Стал, да. Мы начали вместе что-то придумывать, Семен говорил: «Да, клево, давай так и сделаем». Вся история, которая между нами с Аней Уколовой происходит, на этом держится. И персонаж стал обаятельным, живым, узнаваемым и зритель стал понимать, почему он так действует. Я ведь изначально отказался, потому что  именно этого не было — цепляться было не за что. Если у тебя герой, его поступки, его мотивация не находят отклика — ты можешь работать, можешь сделать это неплохо на уровне ремесла, но чтобы это в тебя прямо вот попало, чтобы ты завибрировал, задрожал — такого не будет. Может, я говорю банальные вещи, но у нас в профессии это действительно так. Когда мне Боря Хлебников объявил про «Шторм», — за год, наверное, до съемок сказал, что пишет историю на нас с Максимом Лагашкиным, — я ведь до первого съемочного дня никому не говорил, что снимаюсь у Хлебникова.

Боялись сглазить?

Знаете, есть проекты, которым ты говоришь «да» и больше вообще не думаешь: проект запустился, ты отснялся, жизнь продолжается. А здесь после прочтения сценария со мной что-то такое было… Я просто залип в этот материал. Ни с кем не общался, только жена знала и агент — я никому не говорил, как мне хочется, чтобы это состоялось. «Сглазить» — неправильное слово, я просто очень, очень боялся, что что-то не срастется.

Не верили своему счастью?

Да, да, именно это ощущение. И хотя роль писалась для меня, все равно ведь были какие-то пробы. Кто бы ни говорил «это все формальность, мы на вас это делали, это для вас писали» — все равно в любой момент продюсер или канал могут сказать «давайте еще поищем, посмотрим, пускай будет вариативность». Кто-то из актеров тоже замечательно попробуется, и соберется какой-то консилиум, который решит: «Все-таки при прочих равных, в этой конфигурации, с этими партнерами эта история так срабатывает лучше». Но все срослось и я сыграл.
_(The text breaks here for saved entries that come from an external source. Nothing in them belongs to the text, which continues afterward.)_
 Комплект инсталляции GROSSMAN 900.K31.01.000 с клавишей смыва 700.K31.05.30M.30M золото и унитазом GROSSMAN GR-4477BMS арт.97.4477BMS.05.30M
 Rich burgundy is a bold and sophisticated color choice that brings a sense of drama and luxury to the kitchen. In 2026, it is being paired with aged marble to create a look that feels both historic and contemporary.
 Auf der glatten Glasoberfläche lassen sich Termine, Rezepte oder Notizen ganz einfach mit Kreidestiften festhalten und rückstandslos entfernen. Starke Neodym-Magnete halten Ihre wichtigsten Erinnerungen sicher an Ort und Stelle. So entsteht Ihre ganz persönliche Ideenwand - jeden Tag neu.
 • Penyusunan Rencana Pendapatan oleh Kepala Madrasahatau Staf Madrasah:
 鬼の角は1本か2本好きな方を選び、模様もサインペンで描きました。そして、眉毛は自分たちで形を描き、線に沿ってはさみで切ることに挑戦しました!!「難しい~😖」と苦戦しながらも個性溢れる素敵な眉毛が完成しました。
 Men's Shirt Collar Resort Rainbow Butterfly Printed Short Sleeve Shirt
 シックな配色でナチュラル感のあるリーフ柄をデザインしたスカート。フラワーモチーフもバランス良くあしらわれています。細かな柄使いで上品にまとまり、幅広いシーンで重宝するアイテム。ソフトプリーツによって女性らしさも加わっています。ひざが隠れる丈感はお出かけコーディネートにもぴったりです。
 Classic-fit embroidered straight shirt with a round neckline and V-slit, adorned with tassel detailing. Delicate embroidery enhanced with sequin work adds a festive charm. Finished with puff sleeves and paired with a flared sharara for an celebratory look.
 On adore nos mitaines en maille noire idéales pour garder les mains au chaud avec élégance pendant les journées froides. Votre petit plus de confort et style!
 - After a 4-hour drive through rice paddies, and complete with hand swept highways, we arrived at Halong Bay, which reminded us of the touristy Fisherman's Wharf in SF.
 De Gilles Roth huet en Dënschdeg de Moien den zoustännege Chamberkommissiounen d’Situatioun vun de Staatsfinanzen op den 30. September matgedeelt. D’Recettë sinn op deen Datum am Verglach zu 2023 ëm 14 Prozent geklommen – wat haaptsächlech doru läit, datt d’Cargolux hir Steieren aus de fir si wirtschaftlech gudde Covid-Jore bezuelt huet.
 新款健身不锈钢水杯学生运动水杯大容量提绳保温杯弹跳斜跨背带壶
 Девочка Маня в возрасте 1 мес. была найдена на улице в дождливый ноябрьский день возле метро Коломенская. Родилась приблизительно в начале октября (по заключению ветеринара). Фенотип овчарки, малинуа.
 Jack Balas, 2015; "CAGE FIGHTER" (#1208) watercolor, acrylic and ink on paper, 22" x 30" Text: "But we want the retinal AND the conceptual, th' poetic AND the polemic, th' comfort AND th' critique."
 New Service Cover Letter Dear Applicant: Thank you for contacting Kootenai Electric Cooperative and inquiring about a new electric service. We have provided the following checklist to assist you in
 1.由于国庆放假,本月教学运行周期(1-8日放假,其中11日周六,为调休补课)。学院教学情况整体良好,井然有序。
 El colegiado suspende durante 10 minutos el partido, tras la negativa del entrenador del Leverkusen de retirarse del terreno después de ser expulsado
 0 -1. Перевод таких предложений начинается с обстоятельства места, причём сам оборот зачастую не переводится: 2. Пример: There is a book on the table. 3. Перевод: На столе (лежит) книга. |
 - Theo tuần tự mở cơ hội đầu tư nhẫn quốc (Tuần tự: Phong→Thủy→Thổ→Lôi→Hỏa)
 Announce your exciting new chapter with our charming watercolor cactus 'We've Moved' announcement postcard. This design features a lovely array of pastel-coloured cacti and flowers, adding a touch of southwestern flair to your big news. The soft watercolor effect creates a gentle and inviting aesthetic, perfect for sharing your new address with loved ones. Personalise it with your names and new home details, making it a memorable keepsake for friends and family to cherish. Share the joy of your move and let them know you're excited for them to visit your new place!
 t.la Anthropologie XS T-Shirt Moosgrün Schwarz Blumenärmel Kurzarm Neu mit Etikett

Второй сезон «Шторма» будет?

Не знаю, правда. Никто не знает. Это будут решать продюсеры.

И все-таки вернемся к вопросу образа или нелюбимого вами слова «амплуа». Один именитый российский режиссер сказал мне: «Я бы снял Робака в роли Ельцина, вот единственный актер, который у нас может сыграть этого человека». Вы бы хотели сыграть Ельцина?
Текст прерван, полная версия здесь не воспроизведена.